Marie-Claude Leburgue (Paris, 1928 – Lausanne, 1999), journaliste, principalement à la Radio romande. Après une école catholique à Paris, elle vient à Genève pour obtenir une licence en psychologie. Parallèlement, elle débute à la radio avec des reportages avant de prendre des postes de direction. Elle s’implique aussi dans la presse écrite, s’engageant pour la cause des femmes et le suffrage féminin. Elle assume ouvertement sa relation avec une consœur, Véra Florence, au nom de la liberté individuelle. Il est tout indiqué d’avoir choisi le passage de la Radio pour en faire le passage Marie-Claude-Leburgue.
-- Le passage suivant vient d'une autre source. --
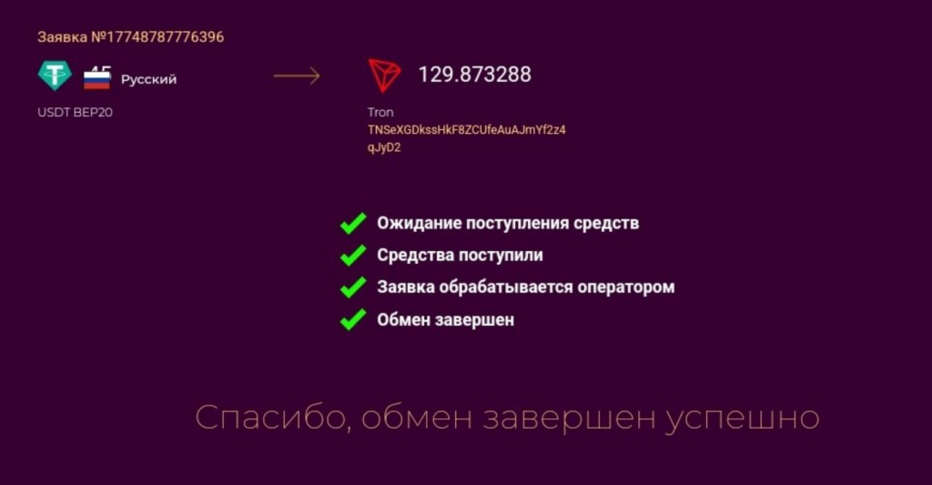 Как проверить статус обмена и дождаться средств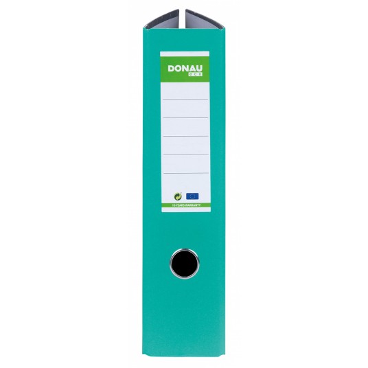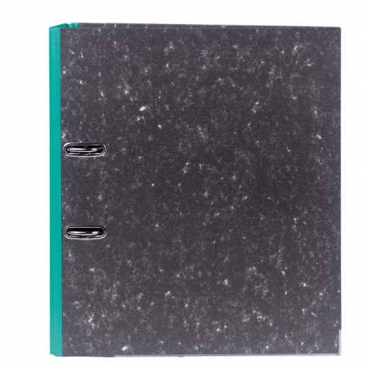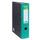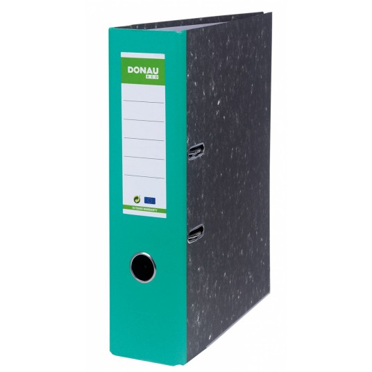 ekonomiczny segregator wykonany z tektury o grubości 2,2mm i gramaturze 1400gsm, wyposażony w dolną listwę wzmacniającą wewnątrz wyklejka papierowa o szarym zabarwieniu metalowy mechanizm i metalowa dźwignia wysokiej jakości z dociskaczem wzmocniony otwór na palec szerokość grzbietu: 80mm wymiary: 80x320x300 mm 5 lat gwarancji na mechanizm dźwigniowy opakowanie 10 szt. kolor: zielony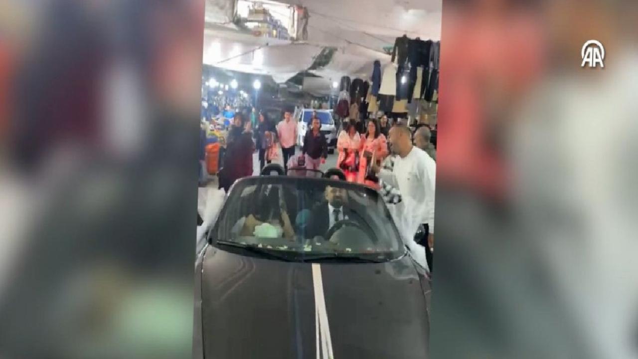 Gelin arabasının daha sonra pazar içinde yoluna devam etmesi, çevredekilerin de yaşananları gülümseyerek izlemesi görüntülerde yer aldı.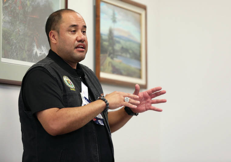 Kelsey Walling/Tribune-Herald State Sen. Donovan Dela Cruz talks about the need for more commercial agriculture to boost the local economy on the Big Island during a meeting at the Daniel K. Inouye U.S. Pacific Basin Agricultural Research Center in Hilo last Wednesday.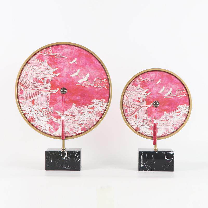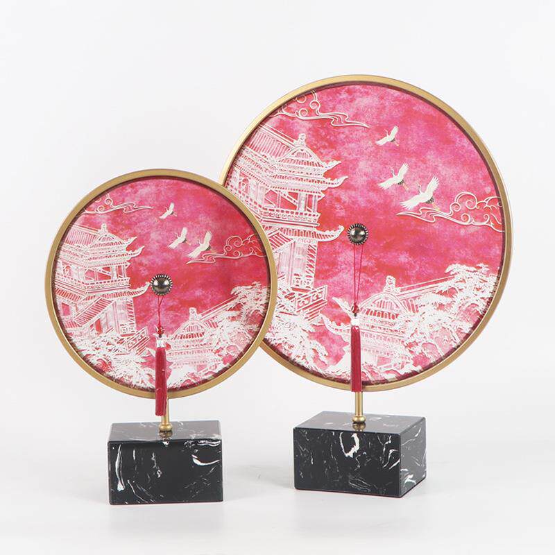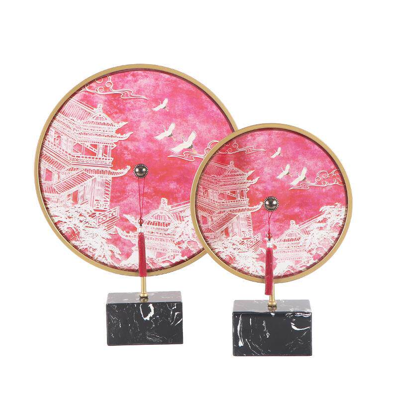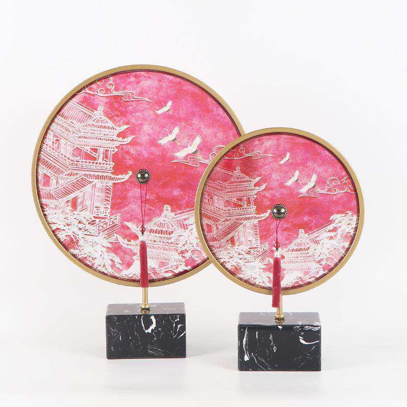新中式中国红色系屏风摆件样板间售楼处展厅酒店玄关书柜软装饰品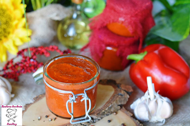 3kg czerwonej papryki4 ostre papryczki chilli4 główki czosnku300g cukru250ml octu250ml oleju800g koncentratu pomidorowego15g suszonej bazylii1 łyżeczka kolendry w

Grisélidis Réal (Lausanne, 1929 – Genève, 2005), peintre, écrivaine, prostituée. Passe son enfance en Égypte et en Grèce. Après le décès de son père helléniste, s’entendant mal avec sa mère, elle vit en pension à Zurich et obtient un diplôme de décoratrice. S’installe à Genève, se marie, divorce, donne le jour à quatre enfants qui lui seront retirés, faute de pouvoir subvenir à leurs besoins. Peint, pose comme modèle, passe quelques années en Allemagne, se prostitue, fait de la prison pour trafic de drogue, publie journal et roman, fonde l’association Aspasie, pour soutenir les droits des travailleuses du sexe et se définit comme «courtisane révolutionnaire». Malgré des oppositions, on lui accorde une sépulture au cimetière des Rois. Une précédente proposition de rue (à la rue du poète Jean Violette) avait été rejetée. Celle qui céderait à la rue Grisélidis-Réal une portion de la rue de Zurich, dans le quartier des Pâquis, devrait convenir.
Cette liste n’est qu’une proposition, mais elle semble suffisamment argumentée pour passer la rampe.